His favorability rating is the lowest for any New York City mayor since Quinnipiac first started tracking it 20 years ago. Even 60 percent of Democrats think the city is on the “wrong track,” according to a Manhattan Institute poll.

“We’re in a crisis,” Mr. Sheinkopf says. He says Mr. Cuomo’s pivot to the center is smart politics. New Yorkers want change and are willing to look rightward in times of crises. He says Fiorello LaGuardia was elected amidst a crisis of corruption; John Lindsay during a “complete breakdown of city services;” Rudy Giuliani during a crime crisis; and Mike Bloomberg right after 9/11.  

“The question for Andrew Cuomo is would he be the right guy at this moment?” Mr. Sheinkopf says. “And his best answer is that he’s built bridges, he’s delivered budgets on time, and he put 750 cops into the subway system.”

Mr. Paterson, though, warns Mr. Cuomo needs to be careful not to be seen as trying to oust a Black leader. “Governor Cuomo spent most of the time that I was governor organizing to try to get me to leave, and I don’t know if a second time around that would be appreciated,” he says. “There could be a real backlash.”

Thursday evening, Mr. Cuomo’s spokesman, Richard Azzopardi, sent a statement to the Sun. 
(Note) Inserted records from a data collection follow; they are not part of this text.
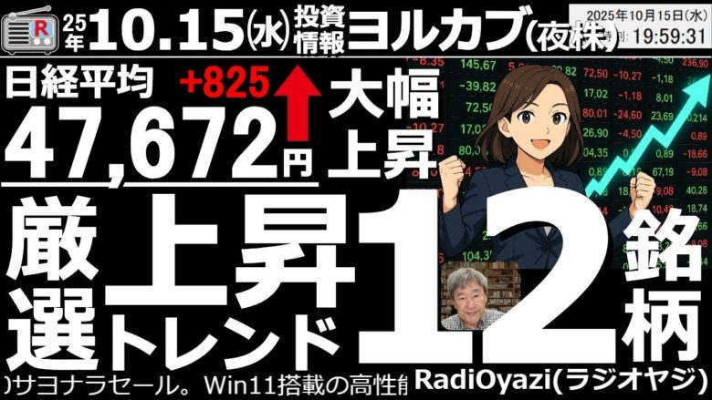 【夜株!(投資情報)】厳選「上昇トレンド12銘柄」を見て行くよ!今日の日経平均は825円高の47,672円だった。先高感の強い相場になっているが、急落には要注意。●今日の注目銘柄:5803フジクラ、他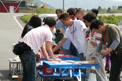準備できたら、 受付開始です 参加者のみなさ〜ん、前方へ集まってって 自身のネームをとってね |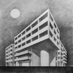 7. Rysunek odręczny perspektywiczny. Rysunek winien prezentować ideę projektu budynku.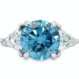 18K White Gold Setting: 2 Trillion Cut Diamonds 0.65 ct 16 Diamonds 0.31 ct Center: Blue Diamond 3.85 ct Style: GORR41BD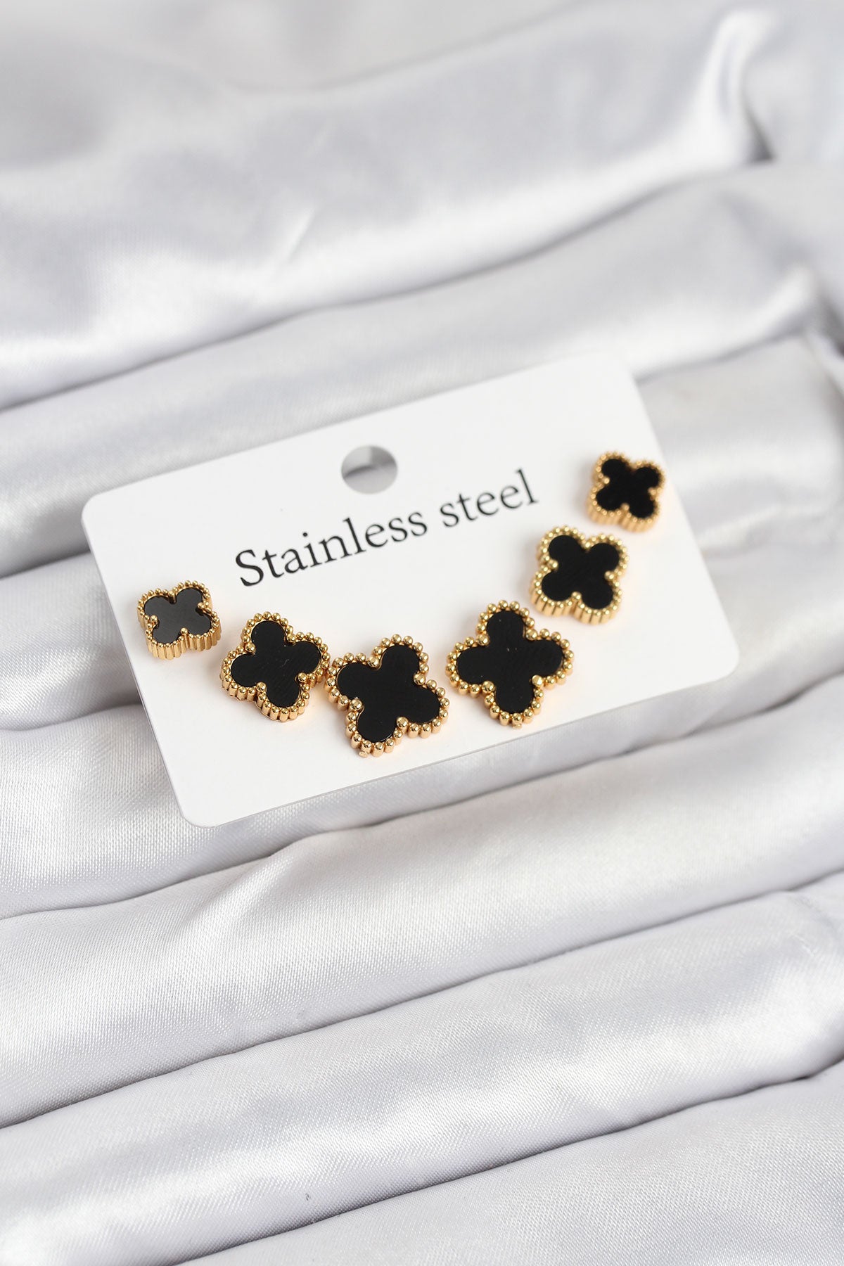 BKP11235 - 316L Çelik Gold Siyah Renk 3 Boy Yonca Küpe Seti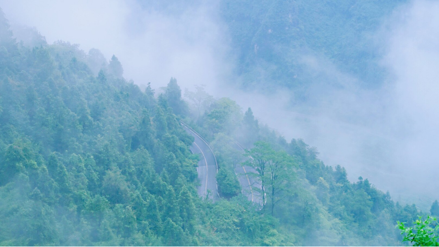 德夯大峡谷山高谷深,风大雾多,山下的村寨也好,远处的山峦也好,皆被云雾笼罩,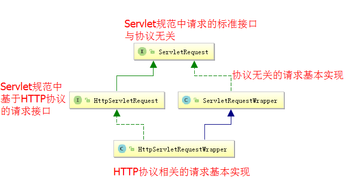 请求对象,就是在JavaEE工程中,用于发送请求的对象。我们常用的对象就是ServletRequest和HttpServletRequest,它们的区别就是是否和HTTP协议有关。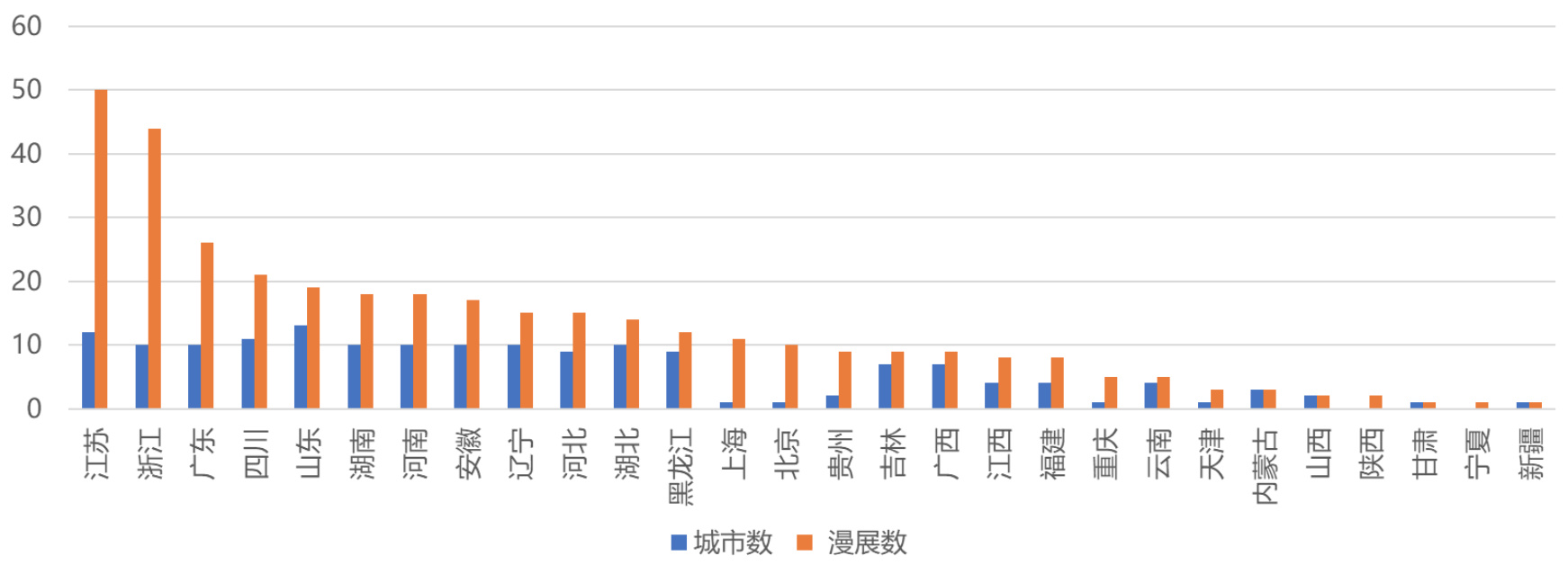 如上图数据所示,江苏、浙江总体的漫展数以超过40场的数量遥遥领先,形成了中国十一漫展活动举办数量最多的省份。此外,广东、四川、山东、湖南等12个省、直辖市,则凭借漫展数达到超过10场的成绩,形成了十一漫展热度排序的第二梯队。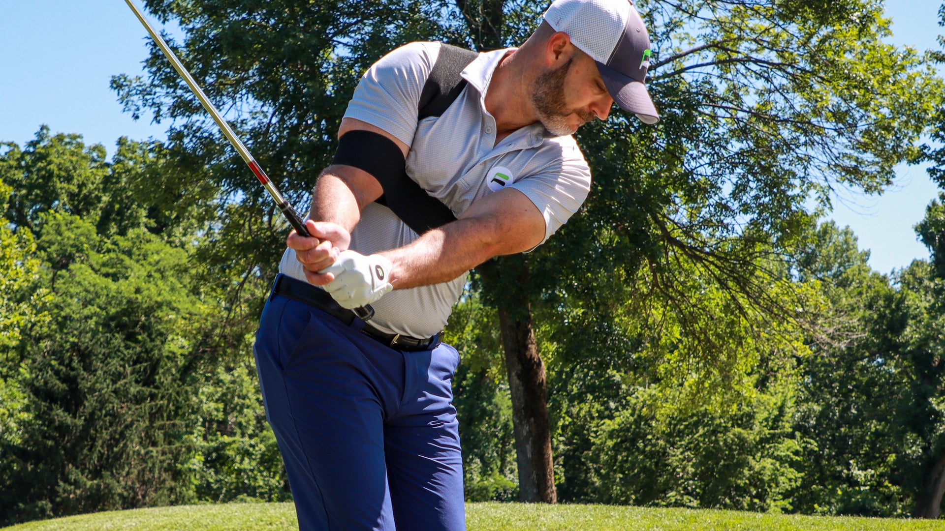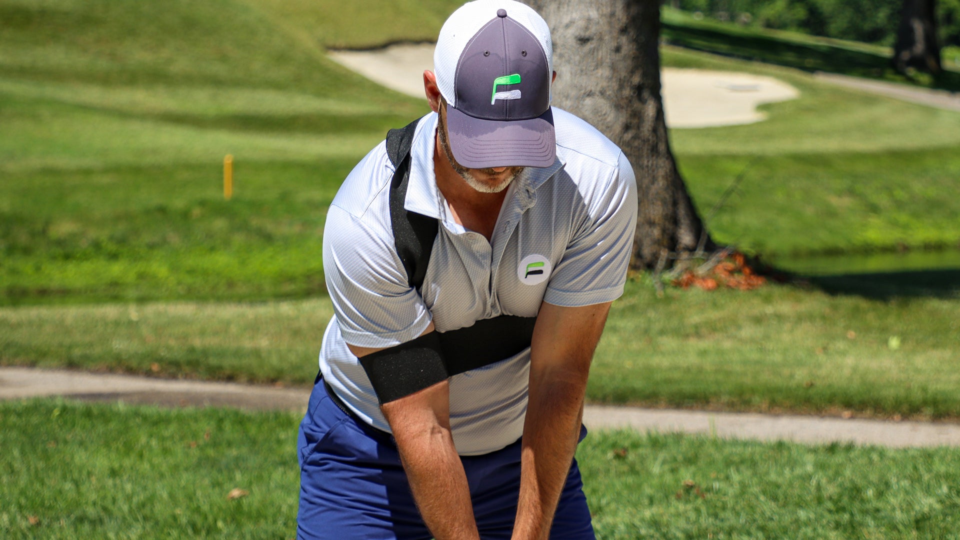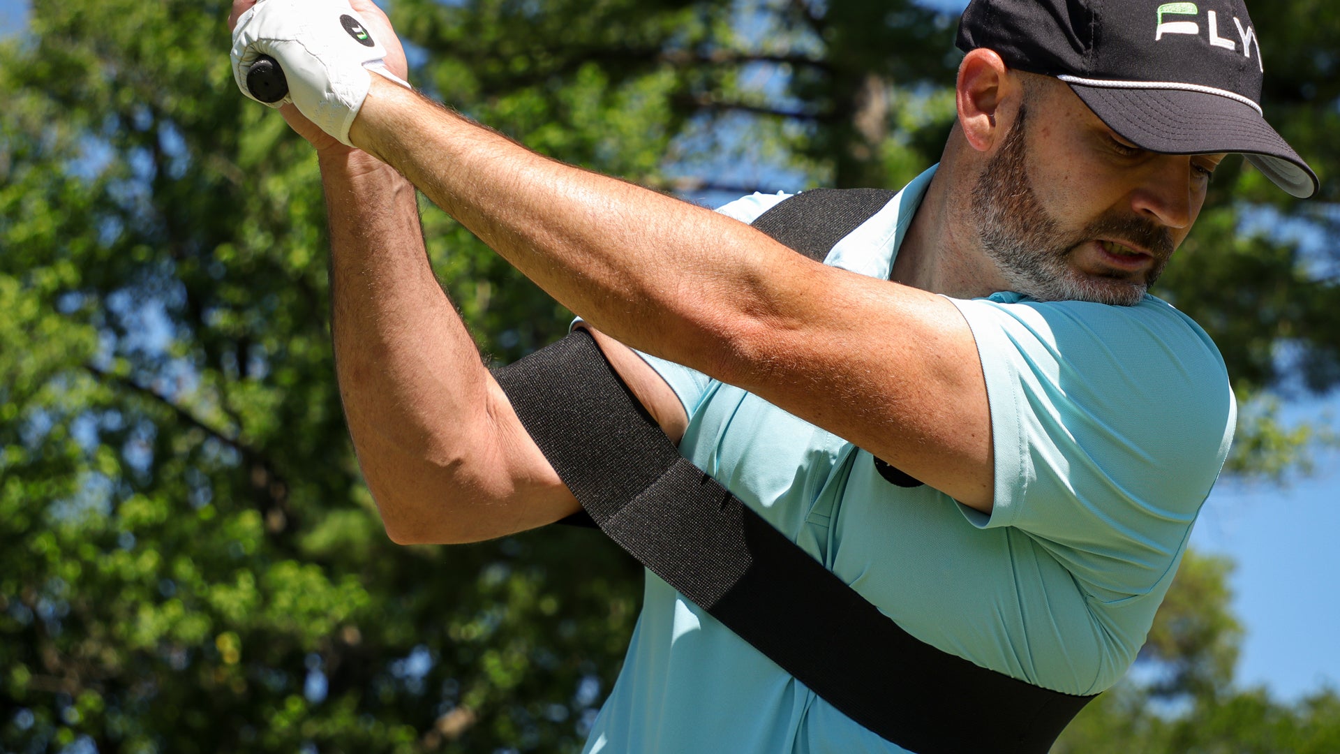 The FLYT Plane Strap is designed to help golfers who struggle with a 'flying elbow' or 'chicken wing' in the trail arm at the top of the backswing. The simple, unique design of the Plane Strap uses elastic resistance around the trail bicep and across the chest to keep the elbow tight to the body at the top of the backswing. This allows the golfer to get into a strong position or 'the slot' at the top of their back swing, making for an easy transition of power to start the downswing.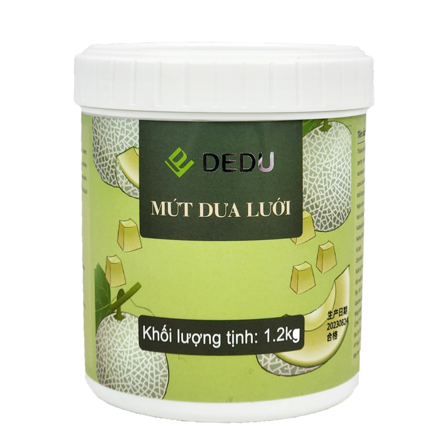 Mứt Sốt Dưa Lưới DEDU: Mứt có màu đỏ và vị ngọt mát của dưa lưới, tạo cảm giác tươi mới và thú vị. Mứt sốt dưa lưới phù hợp với các loại đồ uống như trà dưa lưới, soda dưa lưới, sữa chua dưa lưới,…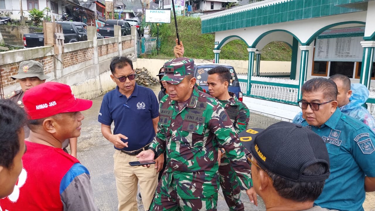 Dandim 0304 Wirabraja Letkol Bayu Ardithya Nugroho, saat berkoordinasi di lapangan terkait pendirian posko bagi warga yang tinggal radius 4 KM dari puncak Marapi. Dok Ktapunya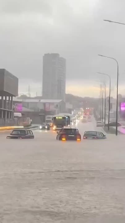Машины уходят под воду прямо на дорогах.
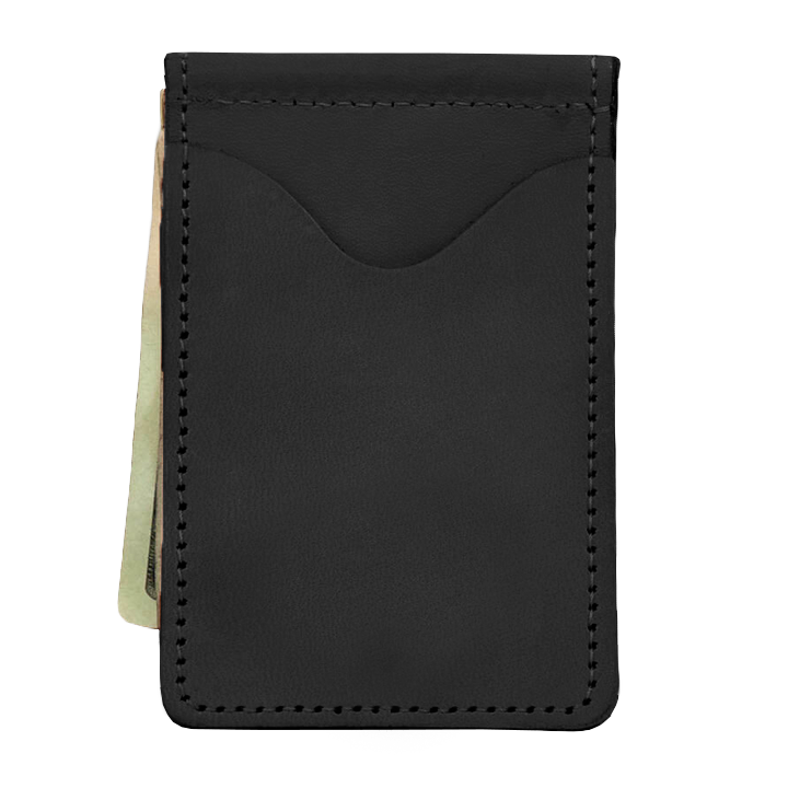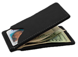 Our all leather money clip which securely holds all your bills and credit cards. Its sleek look makes it easy to carry in your pocket or in a purse.
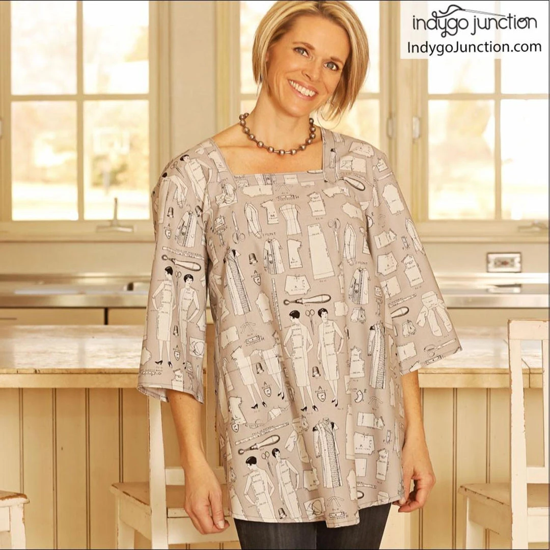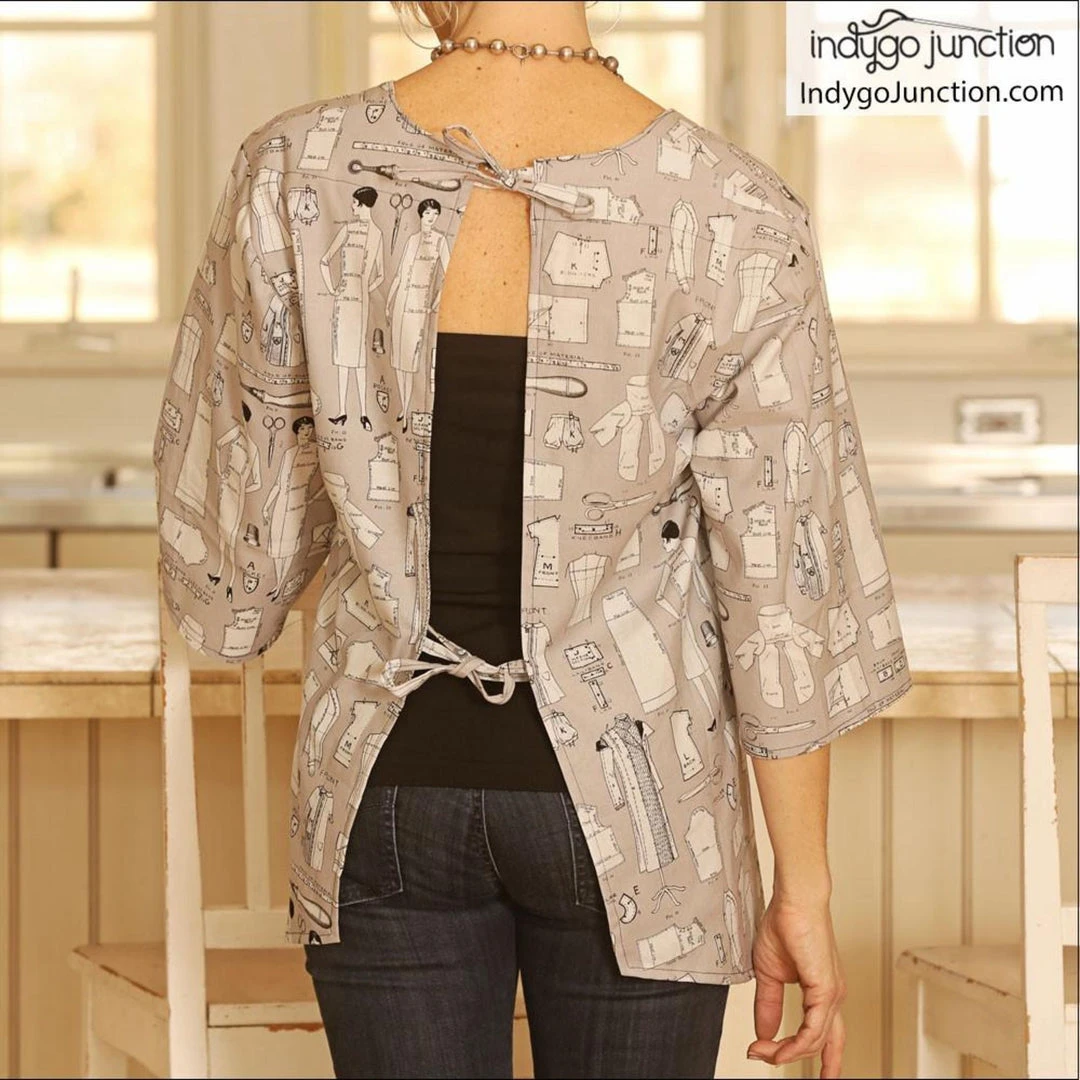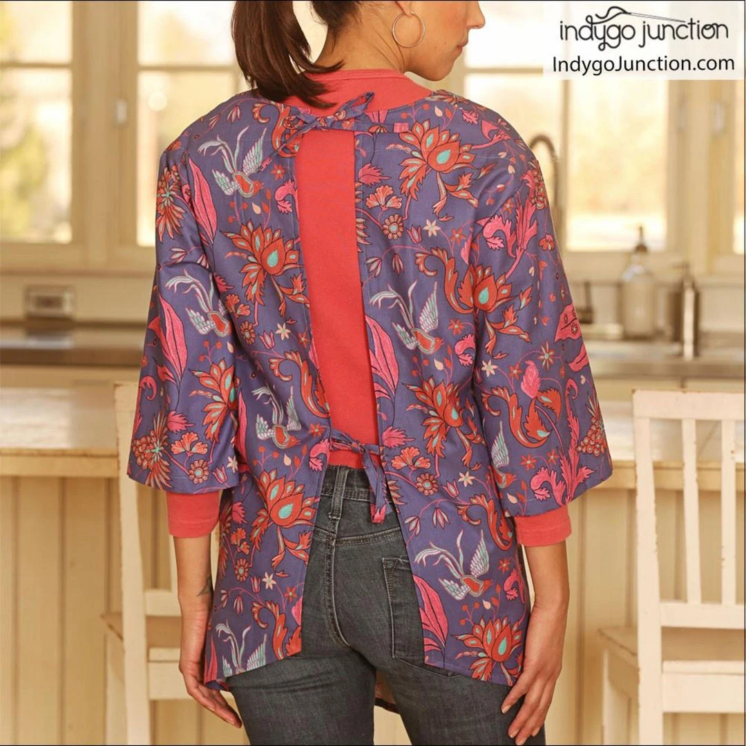 This easy-to-construct style features a square neckline & curved hem. Two ties secure back for a comfortable fit. 3/4 sleeves make this the perfect coverall for cleaning, gardening or everyday fashion. Sizes: XS-3XL.

“The future is the future and he gets these questions often, which I think are fueled by the fact that many people are facing a crisis in confidence in government at many levels and now view the circumstances in which he left office as the political railroading that it was.

“Andrew Cuomo has always been Andrew Cuomo, the same guy who passed marriage equality and strict gun violence prevention laws also
permanently capped property taxes, kept spending under 2 percent for a
decade and lowered the estate, manufacturing and middle class income
taxes. I’m not surprised some right wing used car salesman have
selective amnesia about that, it must make things easier.”